The length of my last post “Unit Testing Evolution Part II – Naming Conventions” was already massively over budget and it was largely about how I name tests within my own C++ codebase. In my professional programming career I’m currently doing mostly C# and so am bound by the tools that have already been chosen, i.e. NUnit. Here there is still a fair bit of creativity with using multiple nested classes and method names to create an overall structure that avoids relying solely on overly long method names. Given that a test framework like NUnit can also easily be used for other forms of testing, such as component and integration level tests, I’ve found that a little more structure helps deal with the additional complexity that can arise one you start dealing with more dependencies or the need to check multiple bits of state.
Unit Tests
When you look closely at the way, say, NUnit displays the full names of failed tests you can see that it includes the names of any nested classes as well as the method name. We can exploit this by breaking the test name into pieces and using more nested class names to create sub-namespaces, for example:
public static class StringTests
{
public static class trimming_should_
{
[Test]
public void remove_leading_whitespace()
{ }
[Test]
public void remove_trailing_whitespace()
{ }
}
Note the trailing underscore on the nested class name provides a marginally nicer output:
StringTests.trimming_should_.remove_leading_whitespace
StringTests.trimming_should_.remove_trailing_whitespace
In this example we have used the top-level class as a namespace to categorise the tests in the module, and then used nested static classes as another namespace for the “feature” under test (trimming). In this instance we could probably have used a real namespace for the top-level static class, but that class often isn’t static and so you would end up with two slightly different test styles (e.g. indentation) which can be irritating.
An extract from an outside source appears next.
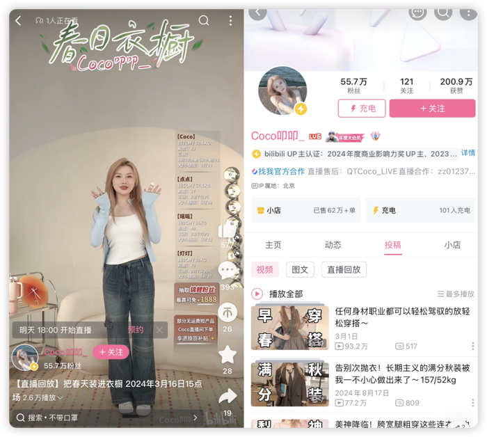 55.7万粉丝的时尚区UP主“Coco叩叩_”,日常视频里专注于梨型身材的穿搭,赢得了不少梨型身材女性的口碑与认可。2024年3月,她正式在B站开启直播带货,首播销售额便超过了1700万元。

Component/Integration Tests
In a unit test you often have only very simple “arrange, act, assert” needs, but as you move up the testing pyramid into component and integration tests you usually have a little more setup, more scenarios and more state or actions to assert. Consequently it can be beneficial to add more levels of nested classes to group common scenarios together (the “when xxx”), and at the same time also split the asserts out into separately named methods (the “then xxx”) to make it clearer what the assertion is telling you.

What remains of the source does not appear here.